What you will do: Copy the data below exactly, omitting any picture it contains.

Data below:
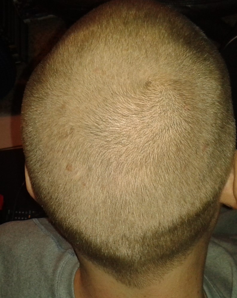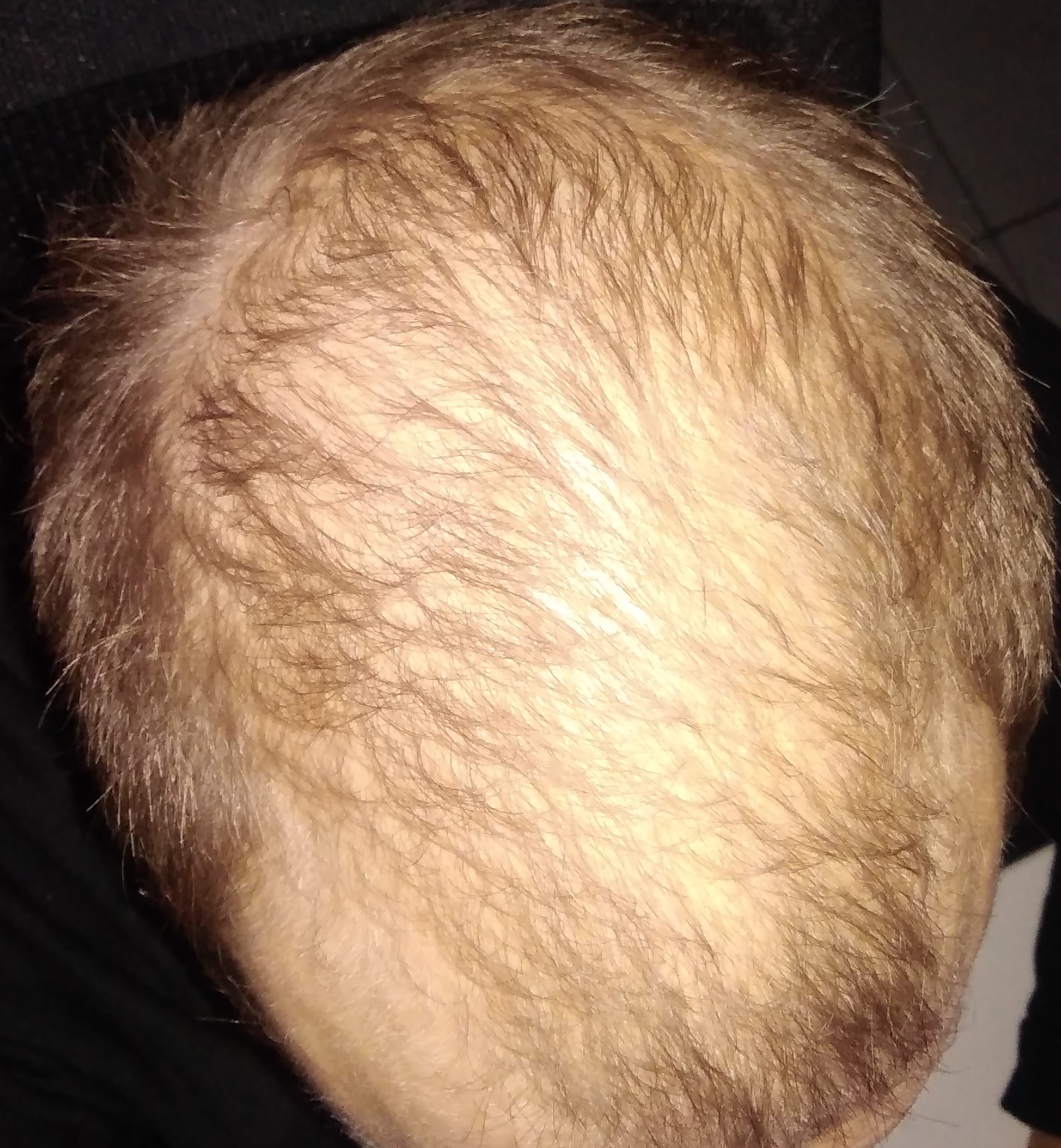 Bin 36 Jahre alt, Haarausfall begann mit Anfang 20, fiel aber, von den GHE abgesehen, nie wirklich auf, da ich ausschließlich 3-5mm Frisur getragen habe. In den letzten Jahren jedoch auch in der Kopfmitte deutlich vorangeschritten.
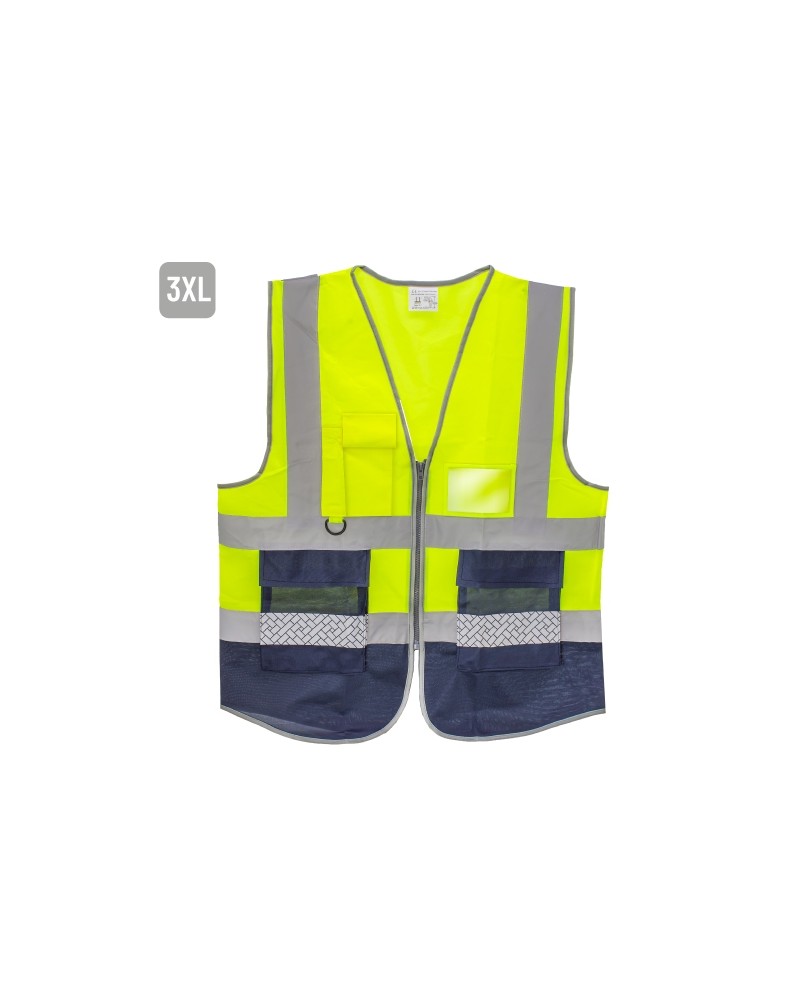 Chaleco alta visibilidad.Incluye dos bolsillos laterales (medida 16x18.5cm), compartimento para acreditación (medida 10.5x7.2 cm) y un bolsillo con cierre de velcro (medida 6.5x15 cm).Cada pieza en bolsa individualGuía de tallasL; 60x70 cm( ancho por largo)3XL; 68x74 cm( ancho por largo)
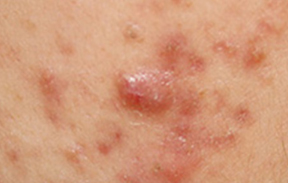 여드름 환자가 매우 싫어하는 형태로 하나 하나의 여드름이 화농하여 피부 깊숙이 농포를 만들고 있는 단계입니다.
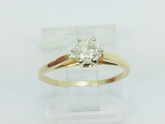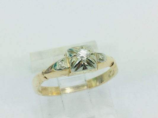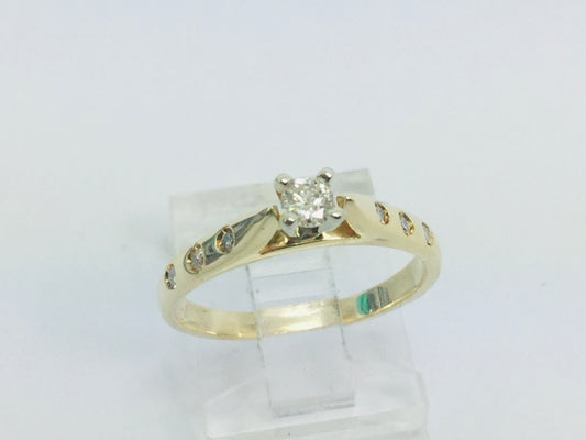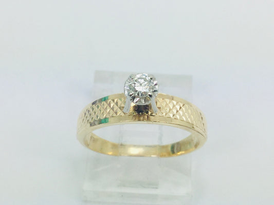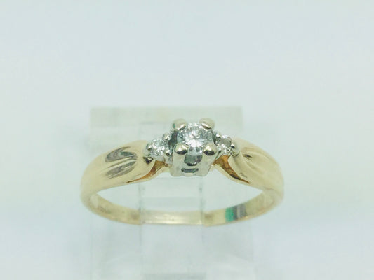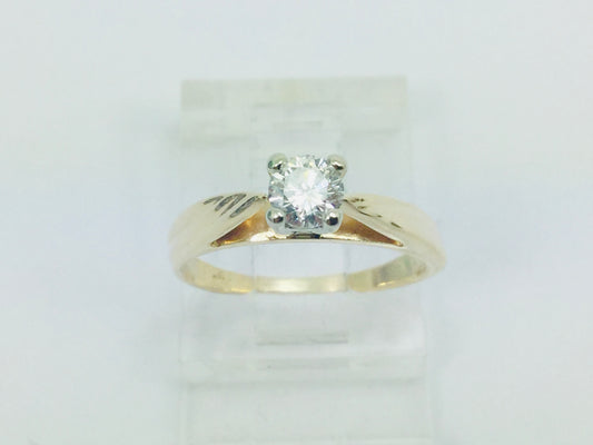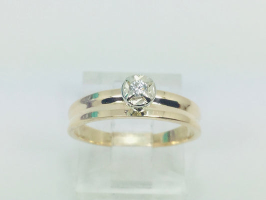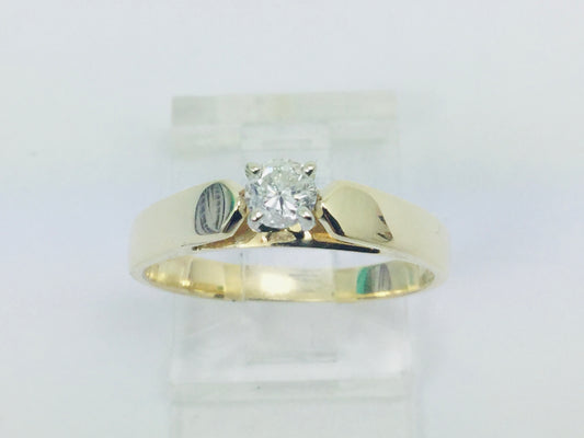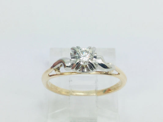 14k Yellow & White Gold Round Cut 0.15ct Diamond Solitaire Ring

Response to the task:
 Bin 36 Jahre alt, Haarausfall begann mit Anfang 20, fiel aber, von den GHE abgesehen, nie wirklich auf, da ich ausschließlich 3-5mm Frisur getragen habe. In den letzten Jahren jedoch auch in der Kopfmitte deutlich vorangeschritten.
 Chaleco alta visibilidad.Incluye dos bolsillos laterales (medida 16x18.5cm), compartimento para acreditación (medida 10.5x7.2 cm) y un bolsillo con cierre de velcro (medida 6.5x15 cm).Cada pieza en bolsa individualGuía de tallasL; 60x70 cm( ancho por largo)3XL; 68x74 cm( ancho por largo)
 여드름 환자가 매우 싫어하는 형태로 하나 하나의 여드름이 화농하여 피부 깊숙이 농포를 만들고 있는 단계입니다.
 14k Yellow & White Gold Round Cut 0.15ct Diamond Solitaire Ring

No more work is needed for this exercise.